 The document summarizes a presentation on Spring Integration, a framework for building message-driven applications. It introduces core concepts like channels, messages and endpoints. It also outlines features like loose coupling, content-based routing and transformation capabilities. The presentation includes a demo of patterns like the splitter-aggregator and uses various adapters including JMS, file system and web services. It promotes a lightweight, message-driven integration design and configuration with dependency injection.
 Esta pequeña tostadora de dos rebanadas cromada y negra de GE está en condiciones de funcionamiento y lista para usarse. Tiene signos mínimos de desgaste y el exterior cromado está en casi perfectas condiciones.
◆ ◆ ◆ ◆
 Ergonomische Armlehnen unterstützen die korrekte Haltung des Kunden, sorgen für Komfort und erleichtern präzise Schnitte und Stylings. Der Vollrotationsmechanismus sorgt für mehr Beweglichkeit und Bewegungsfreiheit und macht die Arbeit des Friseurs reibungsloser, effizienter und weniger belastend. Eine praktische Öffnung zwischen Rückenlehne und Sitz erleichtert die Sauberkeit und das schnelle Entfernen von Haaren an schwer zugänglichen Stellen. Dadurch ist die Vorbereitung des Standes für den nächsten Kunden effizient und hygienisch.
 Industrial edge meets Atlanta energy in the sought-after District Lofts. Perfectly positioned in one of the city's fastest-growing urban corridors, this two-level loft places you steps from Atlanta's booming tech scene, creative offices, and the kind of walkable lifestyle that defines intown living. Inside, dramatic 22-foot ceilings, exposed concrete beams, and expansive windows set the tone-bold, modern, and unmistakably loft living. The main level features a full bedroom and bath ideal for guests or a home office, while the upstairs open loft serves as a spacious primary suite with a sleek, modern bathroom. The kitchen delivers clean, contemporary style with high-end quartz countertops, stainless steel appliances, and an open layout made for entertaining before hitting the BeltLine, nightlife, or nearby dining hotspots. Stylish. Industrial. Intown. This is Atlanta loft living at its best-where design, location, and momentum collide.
◆ ◆ ◆ ◆
Above are the records; repeat exactly the lines from the one holding "Ergonomische Armlehnen unterstützen die" down to the one holding "Industrial edge meets", end lines included.

* [Solution to the problem]:
 Ergonomische Armlehnen unterstützen die korrekte Haltung des Kunden, sorgen für Komfort und erleichtern präzise Schnitte und Stylings. Der Vollrotationsmechanismus sorgt für mehr Beweglichkeit und Bewegungsfreiheit und macht die Arbeit des Friseurs reibungsloser, effizienter und weniger belastend. Eine praktische Öffnung zwischen Rückenlehne und Sitz erleichtert die Sauberkeit und das schnelle Entfernen von Haaren an schwer zugänglichen Stellen. Dadurch ist die Vorbereitung des Standes für den nächsten Kunden effizient und hygienisch.
 Industrial edge meets Atlanta energy in the sought-after District Lofts. Perfectly positioned in one of the city's fastest-growing urban corridors, this two-level loft places you steps from Atlanta's booming tech scene, creative offices, and the kind of walkable lifestyle that defines intown living. Inside, dramatic 22-foot ceilings, exposed concrete beams, and expansive windows set the tone-bold, modern, and unmistakably loft living. The main level features a full bedroom and bath ideal for guests or a home office, while the upstairs open loft serves as a spacious primary suite with a sleek, modern bathroom. The kitchen delivers clean, contemporary style with high-end quartz countertops, stainless steel appliances, and an open layout made for entertaining before hitting the BeltLine, nightlife, or nearby dining hotspots. Stylish. Industrial. Intown. This is Atlanta loft living at its best-where design, location, and momentum collide.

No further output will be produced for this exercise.